Blake Bailey: Cheever: A Life

Blake Bailey: Cheever: A Life

In the waning days of his life, battling terminal cancer, John Cheever wrote in his diary, “For the first time in forty years I have failed to keep this journal with any care. I am sick. That seems to be my only message.” Candor is too soft a word to describe the cringing vulnerability with which Cheever reveals himself in his voluminous journals as a mostly grief-stricken, lonely, alcoholic homophobe and bisexual, with painful doubts about his work and his worthiness as a father and husband. The fact that his own children learned of his sexual proclivities posthumously (as did most of his closest friends) is a testament to the strength of the jocular tweed-and-gin persona he was at pains to maintain, even in his own household.
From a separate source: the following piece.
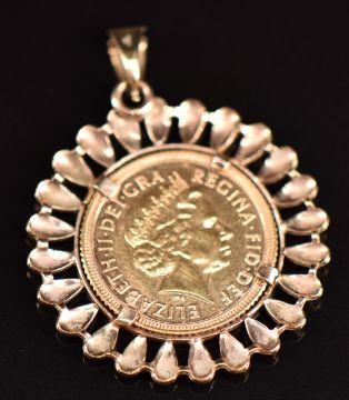 Elizabeth II 2000 gold half sovereign in 9ct gold pendant mount, 6.5g

With that in mind, the arrival of the new Cheever: A Life raises the question “What don’t we already know?” Blake Bailey’s exemplary 2003 biography A Tragic Honesty: The Life And Work Of Richard Yates more than recommends him as a chronicler of Cheever’s life. And what Bailey has done with his book isn’t a matter of unearthing fresh revelations, but of finally giving “the American Chekhov” the long-overdue definitive examination of an impartial observer, free from the self-loathing (and self-deception) of Cheever’s own Journals.

The book follows Cheever through cold mornings, as he shakes off ghastly hangovers and bangs out stories for The New Yorker,as much to make art as to pay the rent. There’s his decades-long struggle to fashion a novel (The Wapshot Chronicle) and free himself from the stigma of being “just” a story writer; eventually, he “loses” that battle at the height of his fame in 1979, by winning the Pulitzer Prize for the omnibus collection The Stories Of John Cheever. Through it all, Bailey documents Cheever’s lingering cafard—the ever-present melancholia most often surrounding the shame of his sexual ambiguities. At his core, Cheever was a self-centered man who didn’t like himself, a conundrum that could never be resolved. So he wrote. And the compulsion to write, as he once said, came from “the need to make sense of one’s life.” Bailey has brought that life into such eloquent relief that it’s easy to imagine Cheever, if only for a moment, finally feeling like someone understood him.